The script was a permission checker; roughly, for each client check whether they had any object types they didn't have permission for, plus a bit more logic for things like "they have permission A which is a superset of B but don't have permission B", and output a report. There was a bug in the DB cache used by our security service (I think caused by a broken clone() implementation that shallow-copied when it should have deep-copied, but this was a while ago now) that meant that if permissions for two different clients were requested in quick succession, both would end up with the intersection of their permissions - which were then cached in the main application (I guess there must have been some logic like the API always triggered a refetch to ensure it returned the canonical value, whereas for the rest of the application performance was more important?). In theory it could've been happening already, but I guess we never had two clients loading the same webpage close enough to the same time (and they would have to both have had the local cache expire - plus almost all of our live clients had very similar permissions, whereas we had some "test" clients with no permissions at all), whereas of course my script just called as fast as possible.

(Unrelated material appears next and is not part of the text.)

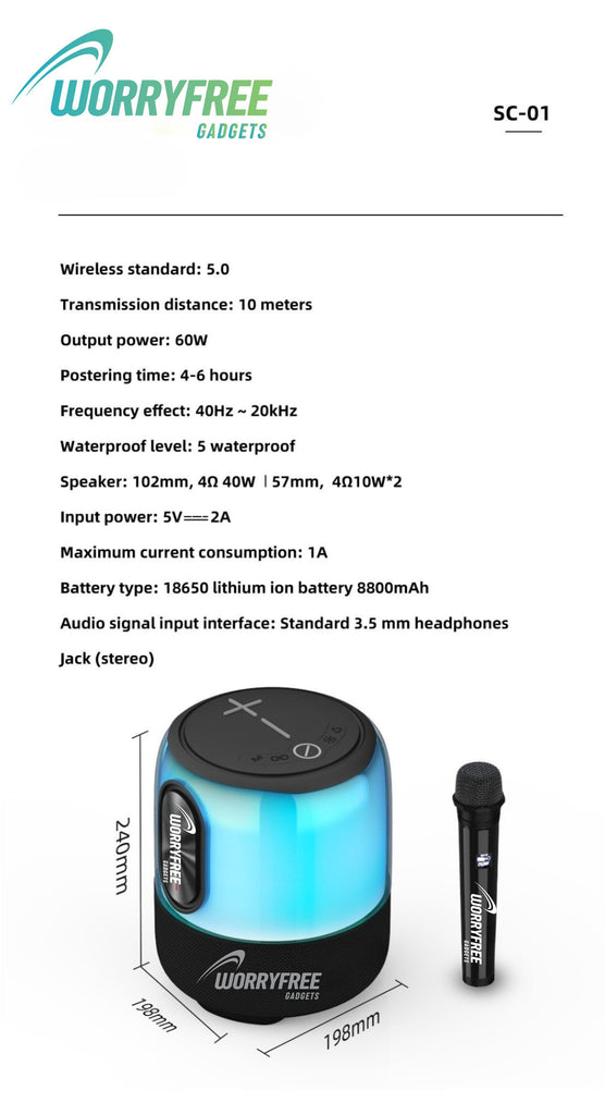 WorryFree WSC-01 Portable Bluetooth Party Speaker With Microphone - Black

It was fairly easy to track down the bug once we passed the initial disbelief stage, and I don't think many clients noticed. But it could've been a lot worse - I'd been so close to running this last-thing on a Friday before I left.
And I guess that meant that the clients would find themselves unable to access things since the permissions were cached, so you were actually seeing issues outside of your script results. Yea I can see how that would be truly baffling, and provides good motivation for not modifying interaction with production on a Friday evening. Thanks :)
It was fairly easy to track down the bug once we passed the initial disbelief stage, and I don't think many clients noticed. But it could've been a lot worse - I'd been so close to running this last-thing on a Friday before I left.